Всячески уклоняйтесь от гипноза.

Закаляйте свою волю, любыми средствами оказывайте сопротивление при индивидуальных и тем более групповых гипнотических сеансах — наука не признает принудительный гипноз, тут, следовательно, решающее слово за вами.

И мужайтесь, дорогие наши друзья, мужайтесь и еще раз мужайтесь!

Помните, что мы близко и всегда с вами, на вашей стороне словом и делом!..

Русские девушки: В е р а, Н а д е ж д а, Л ю б о в ь.

Лесная типография».

_____

Наш гарнизон старательно готовился отметить день рождения фюрера. Часть помещения больницы теперь переоборудована под столовую гарнизона, верх для командного состава, низ отведен рядовым. Здесь состоится торжество. Мы, то есть пате, Макдональд Брук и я — в своем постоянном «отсеке». Я остался весьма доволен этой встречей: откровенная и острая беседа пате с Бруком явилась важным для меня уроком, она помогла мне на многое посмотреть иными глазами, я лучше понял и пате. Зарисую эту беседу, по возможности, с фотографической точностью.

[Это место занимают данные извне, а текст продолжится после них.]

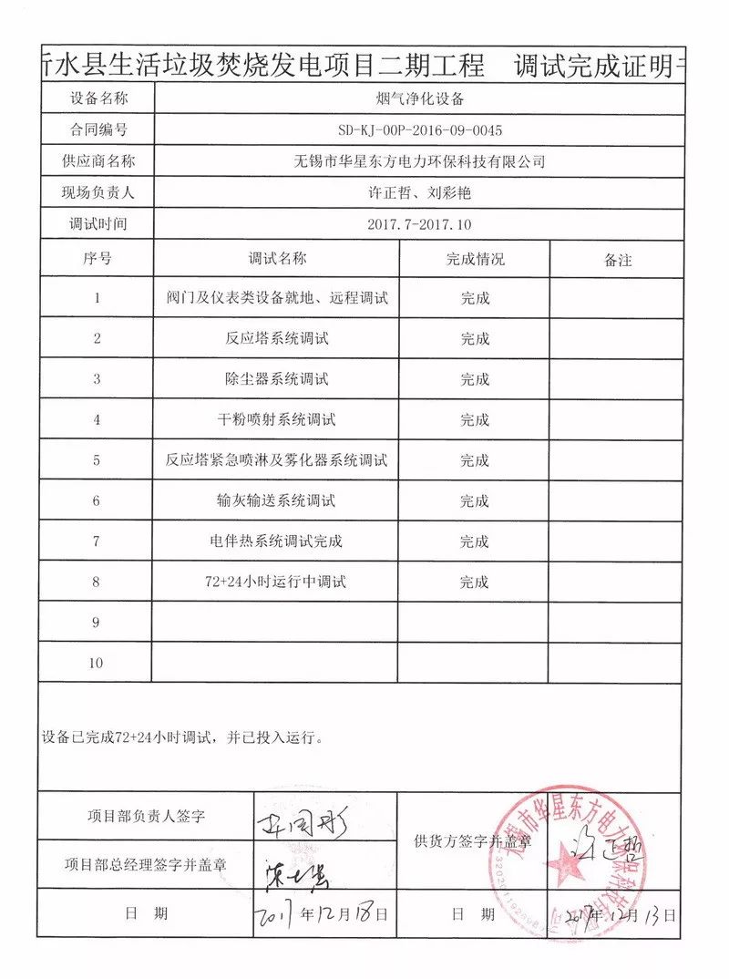 我公司中標(biāo)承建的山東臨沂沂水二期1x300t/d垃圾焚燒煙氣凈化工程于12月18日通過整體竣工驗(yàn)收,整體工程項(xiàng)目竣工。煙氣處理工藝半干法脫酸+干法+活性炭噴射+布袋除塵器,現(xiàn)整個(gè)系統(tǒng)現(xiàn)運(yùn)行穩(wěn)定,為我公司 EPC項(xiàng)目。

Стол был накрыт красиво, с обилием вина, коньяка и даже двумя бутылками шампанского. Сервировкой стола руководил старшина Петров, но пировали мы, разумеется, без него, только втроем.

Брук, наполняя бокалы вином, сказал:

— Полагаю, господа, вы не будете на меня в претензии, если я захвачу инициативу.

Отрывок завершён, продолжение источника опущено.